I’ve been writing this post since morning, with several casual interruptions, some welcome and some necessary. Among the welcome ones were the number of women friends of mine who called and asked, where is your usual Women’s Day email dear? I thought I’ll see it the first thing this morning. And I answered how I was still struggling to write something, not quite sure what it is that I wanted to say and why. It is early evening already and I can see three pages lined up, explaining while questioning the very act. I think it will take us some more years to stop giving reasons, to stop seeing ourselves in relation to others while loudly claiming otherwise. Meanwhile, we will write and say Happy Women’s Day still wondering why you need a reason to be kind.
and ofcourse we men do cheer woman and wondering.. whatz good in woman: women, with Strength or being strong!?
happy women's day..;)
Posted by
Yuva |
12:33 AM, March 09, 2007
A really well-written post.
Posted by
Zero |
4:10 PM, March 09, 2007
Insightful- but I'm not sure exactly what the gist is:
- Are you saying that current society is equal oppurtunity and hence rendering the action of a woman who feels its not as futile exercises?
- We acknowledge that things are not equal and yet the woman shouldn't really have angst about the current situation? additionaly having angst/fighting for equal oppurtunity is more like acknowledging that things are not equal?
- none of the above, in which case i'm thoroughly confused :)
Posted by
Manohar |
7:02 PM, March 09, 2007
Yeah, I don't like this idea of 'This Day' and 'That day'.
I believe its all promoted by some corporates to sell stuff.
xyz Day - Cards and Flowers, of course Food industry too.
This is not a new concept from the west.

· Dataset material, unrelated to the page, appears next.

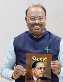
चंद्रशेखर बावनकुळे महसूल मंत्री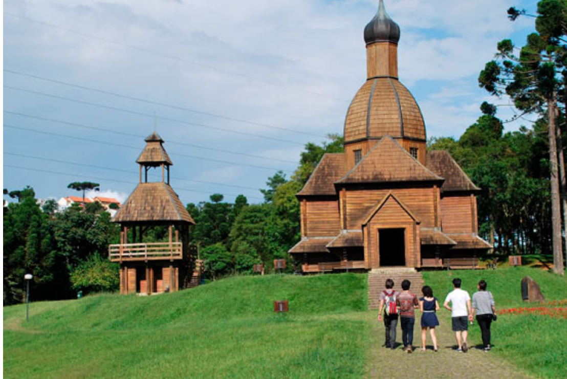
Memorial Ucraniano no Parque Tingui - Foto: Banco de Imagens

This is like old wine in new bottle stuff.
We, for instance in Tamilnadu, the textile & gold industry, have things like 'Aadi' , which spans a month, and promote products with 'Aadi Thallupadi' (discounts).
Here in US, events like Valentine's day, Thanksgiving, Christmas have become commercial events.
and why do people celebrate Birthdays? I don't understand.
One only gets old and Birthdays remind them :(
Posted by
vimal |
12:24 AM, March 10, 2007
Yuva, Zero: Thank You!
Manohar: none of the above! yes, getting the reader confused was partly the intention. Actually an alternative answer would be all of the above.
Vimal: Birthdays serve to reassure people that they are wanted or that they are not. Hence oru alpa nambikai I guess :)
Posted by
Echo/Lavanya |
10:57 AM, March 12, 2007
Lavanya: Hey thats cheating :)
Posted by
Manohar |
12:44 PM, March 12, 2007
Or you know, birthdays are just for gifts :)
Here in US they have a concept called Wish List, Iam sure in India too they should be having it by now... where people can either go to stores or online and create a wish list and others can see what is in the wish list and buy presents accordingly. That way, they ensure that they get gifts they want and doesn't have to return it for store credit or something else.